Load on demand — **do NOT load all at once**:

| File | Load when |
|------|-----------|
| [references/workflow-script.md](references/workflow-script.md) | Steps 1-4 (topic → script) |
| [references/workflow-production.md](references/workflow-production.md) | Steps 5-11 (media → TTS → Remotion → render → BGM) |
| [references/workflow-publish.md](references/workflow-publish.md) | Steps 12-15 (subtitles, publish, cleanup, shorts) |
| [references/design-guide.md](references/design-guide.md) | **MUST load before Step 9** — visual minimums, typography, animation safety |
| [references/design-learning.md](references/design-learning.md) | User provides a reference video/image, or manages style profiles |
| [references/azure-tts-pitfalls.md](references/azure-tts-pitfalls.md) | Choosing Azure voice/style, debugging hoarse/glitchy audio |
| [references/troubleshooting.md](references/troubleshooting.md) | On error, or user asks about preferences/BGM |
| [templates/presets/kinetic-typography/](templates/presets/kinetic-typography/) | Bold type-driven preset (opinion / argument / declaration videos) |
| [examples/](examples/) | Reference for composition structure and `timing.json` format |

### Script suite dispatcher

All scripts under `${SKILL_DIR}/scripts/` are reachable through one hierarchical entry point:

```bash
python3 ${SKILL_DIR}/scripts/cli.py --help                  # list resources
python3 ${SKILL_DIR}/scripts/cli.py <resource> --help       # list actions
python3 ${SKILL_DIR}/scripts/cli.py <resource> <action> --help    # forwards to underlying script
python3 ${SKILL_DIR}/scripts/cli.py schema [<method>]       # JSON parameter schema
```

Routes: `tts run|validate`, `verify`, `audit beats`, `shorts gen`, `design list|show|delete|add`, `prereqs`, `prefs get|migrate|backend|bgm-path`, `schema [<method>]`. Direct script invocation (`python3 scripts/<name>.py ...`) keeps working — the dispatcher is additive.

---

## User Preferences

Skill auto-learns and applies preferences. Full commands and learning details: [references/troubleshooting.md](references/troubleshooting.md).

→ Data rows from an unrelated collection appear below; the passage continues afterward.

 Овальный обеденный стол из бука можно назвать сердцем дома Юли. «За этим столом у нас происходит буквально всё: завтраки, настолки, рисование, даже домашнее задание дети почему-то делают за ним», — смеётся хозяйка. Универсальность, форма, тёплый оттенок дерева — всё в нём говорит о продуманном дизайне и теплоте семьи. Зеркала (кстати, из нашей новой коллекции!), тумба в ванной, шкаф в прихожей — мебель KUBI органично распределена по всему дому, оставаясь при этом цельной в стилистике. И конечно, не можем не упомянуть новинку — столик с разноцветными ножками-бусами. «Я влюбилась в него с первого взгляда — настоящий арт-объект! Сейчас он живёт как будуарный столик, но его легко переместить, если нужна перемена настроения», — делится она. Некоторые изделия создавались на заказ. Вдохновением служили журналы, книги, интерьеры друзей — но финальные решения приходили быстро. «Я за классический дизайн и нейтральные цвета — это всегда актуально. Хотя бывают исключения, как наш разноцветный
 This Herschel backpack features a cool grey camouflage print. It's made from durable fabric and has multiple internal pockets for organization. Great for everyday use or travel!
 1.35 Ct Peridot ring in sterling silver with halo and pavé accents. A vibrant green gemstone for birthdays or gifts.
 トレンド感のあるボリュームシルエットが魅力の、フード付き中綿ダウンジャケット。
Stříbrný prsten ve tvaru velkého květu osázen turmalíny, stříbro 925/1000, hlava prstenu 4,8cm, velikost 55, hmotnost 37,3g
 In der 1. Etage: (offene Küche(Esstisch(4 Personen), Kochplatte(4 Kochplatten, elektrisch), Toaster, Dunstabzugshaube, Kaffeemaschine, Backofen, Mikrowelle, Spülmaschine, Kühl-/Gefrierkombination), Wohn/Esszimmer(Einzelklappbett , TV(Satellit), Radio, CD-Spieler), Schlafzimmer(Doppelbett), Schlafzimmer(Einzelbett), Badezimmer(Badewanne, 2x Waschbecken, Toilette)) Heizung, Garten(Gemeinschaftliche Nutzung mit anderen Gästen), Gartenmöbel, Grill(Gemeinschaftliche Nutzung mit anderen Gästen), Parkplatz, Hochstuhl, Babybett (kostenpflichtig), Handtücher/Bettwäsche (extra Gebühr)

- **Storage**: `user_prefs.json` (auto-created from `user_prefs.template.json`, schema in `prefs_schema.json`).
- **Priority**: `Root.tsx defaults < global < topic_patterns[type] < current instructions`.
- **User commands**: "show preferences" · "reset preferences" · "save as X default".

---

## Troubleshooting

See [references/troubleshooting.md](references/troubleshooting.md) on errors, BGM options, preference learning, design-learning issues.